◆ **What the exercise asks**: Please repeat the listing below exactly, but do not include its pictures.
(Beginning of Excerpted data)
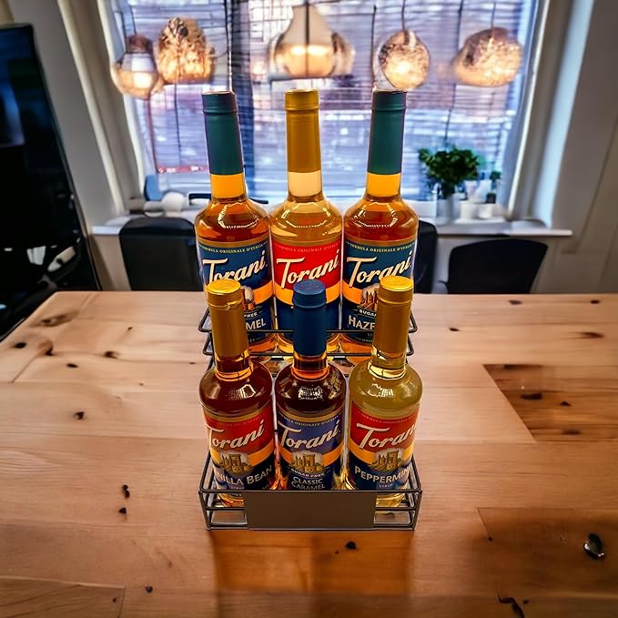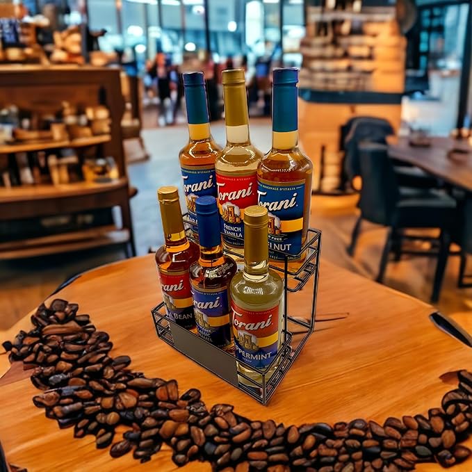 - Elegant syrup rack for coffee bar, store your favorite syrups in this tasteful syrup holder and sweeten your beverages with multiple flavors, make your home brewed coffee more professional while keeping your coffee bar organized in your tabletop with this useful coffee syrup holder, perfect for small coffee and tea service areas, makes your coffee station look like a professional coffee shop in a luxurious hotel lobby or restaurant while saving space
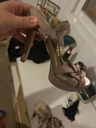Elegantes zapatos de tacón con un acabado brillante que captará todas las miradas. Perfectos para añadir un toque de glamour a cualquier atuendo. - Diseño con tiras y hebilla. - Tacón grueso y cómodo. - Acabado con purpurina. Nuevos a estrenar !! Para pues que no sean muy anchos
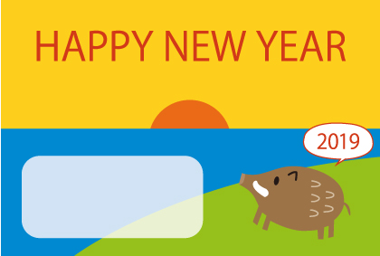 2019年 年賀状 海から初日の出を眺めるイノシシに関連するまとめ
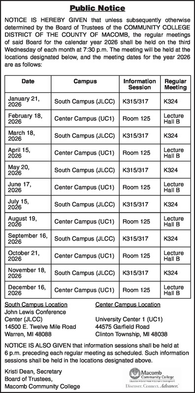 Public Notice NOTICE IS HEREBY GIVEN that unless subsequently otherwise determined by the Board of Trustees of the COMMUNITY COLLEGE DISTRICT OF THE COUNTY OF MACOMB, the regular meetings of said Board for the calendar year 2026 shall be held on the third Wednesday of each month at 7:30 p.m. The meeting will be held at the locations designated below, and the meeting dates for the year 2026 are as follows: Date Campus Information Session Regular Meeting January 21, 2026 South Campus (JLCC) K315/317 K324 February 18, 2026 Center Campus (UC1) Room 125 Lecture Hall B March 18, 2026 South Campus (JLCC) K315/317 K324 April 15, 2026 Center Campus (UC1) Room 125 Lecture Hall B May 20, 2026 South Campus (JLCC) K315/317 K324 June 17, 2026 Center Campus (UC1) Room 125 Lecture Hall B July 15, 2026 South Campus (JLCC) K315/317 K324 August 19, 2026 Center Campus (UC1) Room 125 Lecture Hall B September 16, 2026 South Campus (JLCC) K315/317 K324 October 21, 2026 Center Campus (UC1) Room 125 Lecture Hall B November 18, 2026 South Campus (JLCC) K315/317 K324 December 16, 2026 Center Campus (UC1) Room 125 Lecture Hall B South Campus Location Center Campus Location John Lewis Conference Center (JLCC) University Center 1 (UC1) 14500 E. Twelve Mile Road 44575 Garfield Road Warren, MI 48088 Clinton Township, MI 48038 NOTICE IS ALSO GIVEN that information sessions shall be held at 6 p.m. preceding each regular meeting as scheduled. Such information sessions shall be held in the locations designated above. Kristi Dean, Secretary Board of Trustees, Macomb Community College
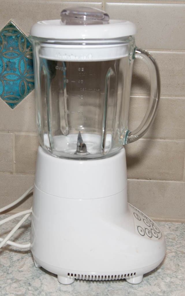 Design: Features a white base with a removable 2-oz lid for adding ingredients during use
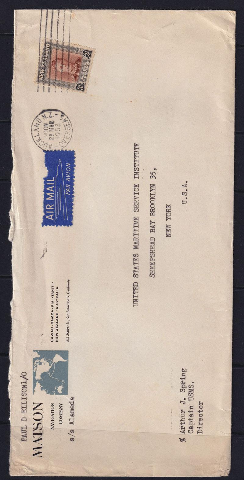 1953 (28MR) Printed MATSON Navigation Company Airmail Cover endorsed S/S Alameda to USA with 3/- value tied by Auckland Overseas cancels. No backstamps. A good single rate cover (1)
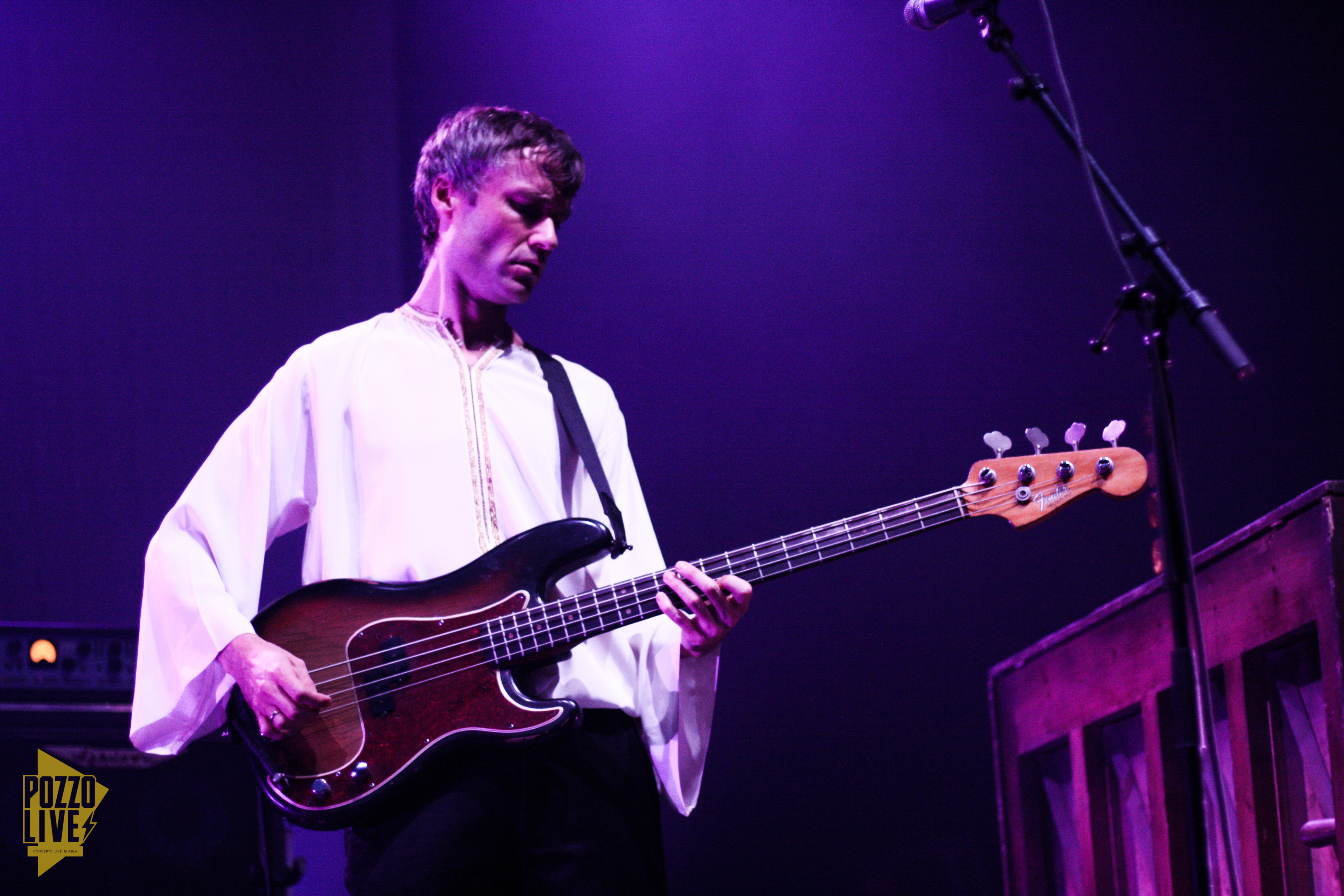 Le tic de 21h25 retentit pour ensuite donner le ton à 10 minutes tendues où s’alternent cris et applaudissements, révélant l’impatience qui règne. 21h35 la scène s’illumine pour enfin voir s’avancer, avec la manière, la formation anglaise. A eux quatre ils forment le gang Barrow, c’est sur le thème de Bonnie and Clyde que les hommes – et le chien de Pete en chef de file – se montrent enfin. Les manteaux volent, on se frotte le nez ou les cheveux (c’est selon), on gratte les cordes pour être sûr et oui, on est bon.
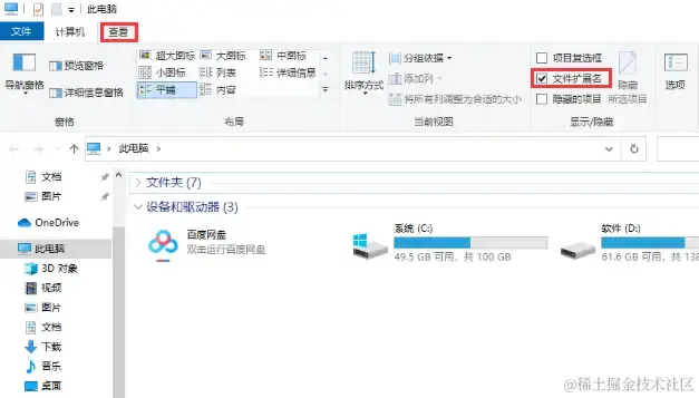 步骤1:双击打开**【此电脑】图标,在【查看】下勾选【文件扩展名】**,目的是方便查看和更改文件类型。
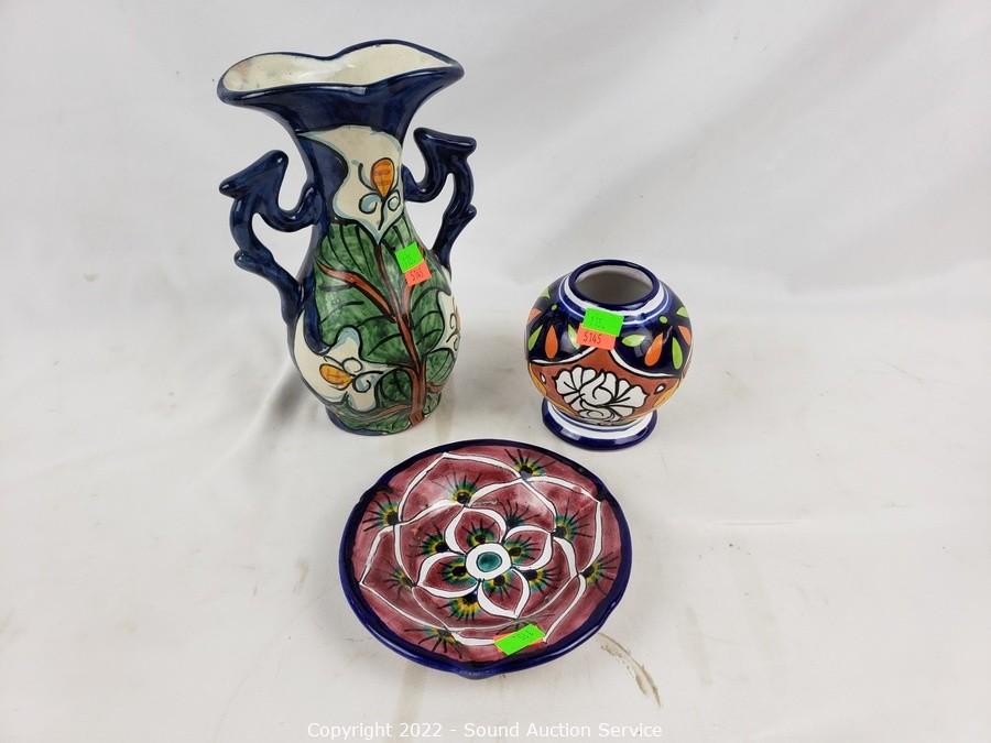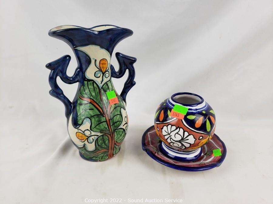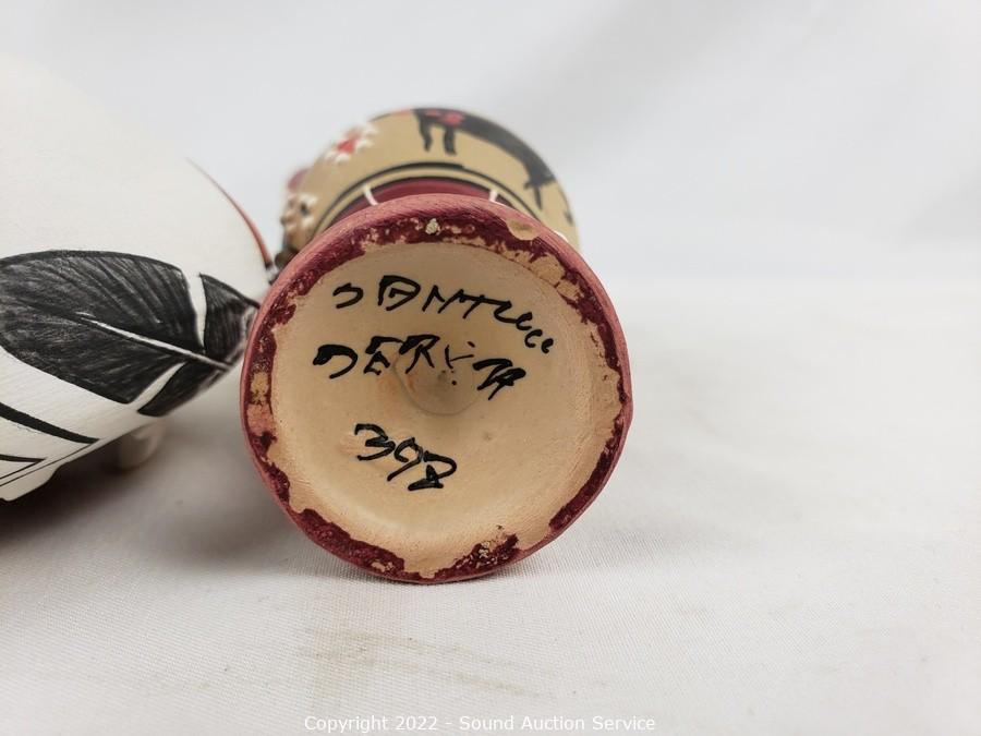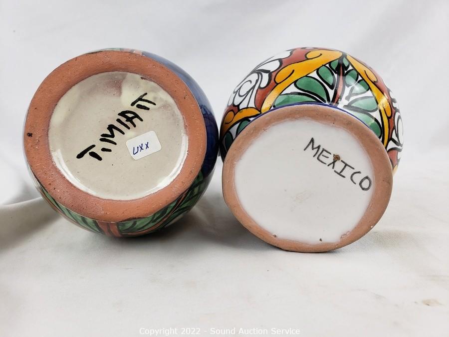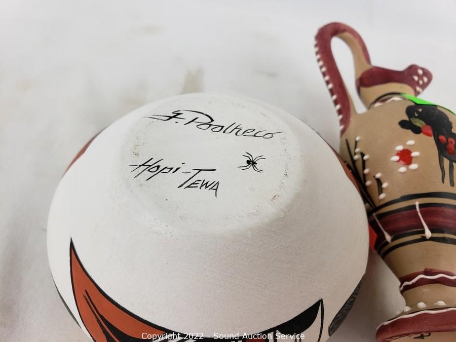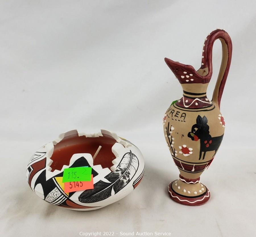 Lot Details: Candle is Hopi-Tewa signed . Small pitcher is signed Mexico, Vase & a few other pieces are also signed. 2" to 8.25" tall.
(End of Excerpted data)
◆ **Answer to the problem**:
 - Elegant syrup rack for coffee bar, store your favorite syrups in this tasteful syrup holder and sweeten your beverages with multiple flavors, make your home brewed coffee more professional while keeping your coffee bar organized in your tabletop with this useful coffee syrup holder, perfect for small coffee and tea service areas, makes your coffee station look like a professional coffee shop in a luxurious hotel lobby or restaurant while saving space
Elegantes zapatos de tacón con un acabado brillante que captará todas las miradas. Perfectos para añadir un toque de glamour a cualquier atuendo. - Diseño con tiras y hebilla. - Tacón grueso y cómodo. - Acabado con purpurina. Nuevos a estrenar !! Para pues que no sean muy anchos
 2019年 年賀状 海から初日の出を眺めるイノシシに関連するまとめ
 Public Notice NOTICE IS HEREBY GIVEN that unless subsequently otherwise determined by the Board of Trustees of the COMMUNITY COLLEGE DISTRICT OF THE COUNTY OF MACOMB, the regular meetings of said Board for the calendar year 2026 shall be held on the third Wednesday of each month at 7:30 p.m. The meeting will be held at the locations designated below, and the meeting dates for the year 2026 are as follows: Date Campus Information Session Regular Meeting January 21, 2026 South Campus (JLCC) K315/317 K324 February 18, 2026 Center Campus (UC1) Room 125 Lecture Hall B March 18, 2026 South Campus (JLCC) K315/317 K324 April 15, 2026 Center Campus (UC1) Room 125 Lecture Hall B May 20, 2026 South Campus (JLCC) K315/317 K324 June 17, 2026 Center Campus (UC1) Room 125 Lecture Hall B July 15, 2026 South Campus (JLCC) K315/317 K324 August 19, 2026 Center Campus (UC1) Room 125 Lecture Hall B September 16, 2026 South Campus (JLCC) K315/317 K324 October 21, 2026 Center Campus (UC1) Room 125 Lecture Hall B November 18, 2026 South Campus (JLCC) K315/317 K324 December 16, 2026 Center Campus (UC1) Room 125 Lecture Hall B South Campus Location Center Campus Location John Lewis Conference Center (JLCC) University Center 1 (UC1) 14500 E. Twelve Mile Road 44575 Garfield Road Warren, MI 48088 Clinton Township, MI 48038 NOTICE IS ALSO GIVEN that information sessions shall be held at 6 p.m. preceding each regular meeting as scheduled. Such information sessions shall be held in the locations designated above. Kristi Dean, Secretary Board of Trustees, Macomb Community College
 Design: Features a white base with a removable 2-oz lid for adding ingredients during use
 1953 (28MR) Printed MATSON Navigation Company Airmail Cover endorsed S/S Alameda to USA with 3/- value tied by Auckland Overseas cancels. No backstamps. A good single rate cover (1)
 Le tic de 21h25 retentit pour ensuite donner le ton à 10 minutes tendues où s’alternent cris et applaudissements, révélant l’impatience qui règne. 21h35 la scène s’illumine pour enfin voir s’avancer, avec la manière, la formation anglaise. A eux quatre ils forment le gang Barrow, c’est sur le thème de Bonnie and Clyde que les hommes – et le chien de Pete en chef de file – se montrent enfin. Les manteaux volent, on se frotte le nez ou les cheveux (c’est selon), on gratte les cordes pour être sûr et oui, on est bon.
 步骤1:双击打开**【此电脑】图标,在【查看】下勾选【文件扩展名】**,目的是方便查看和更改文件类型。
 Lot Details: Candle is Hopi-Tewa signed . Small pitcher is signed Mexico, Vase & a few other pieces are also signed. 2" to 8.25" tall.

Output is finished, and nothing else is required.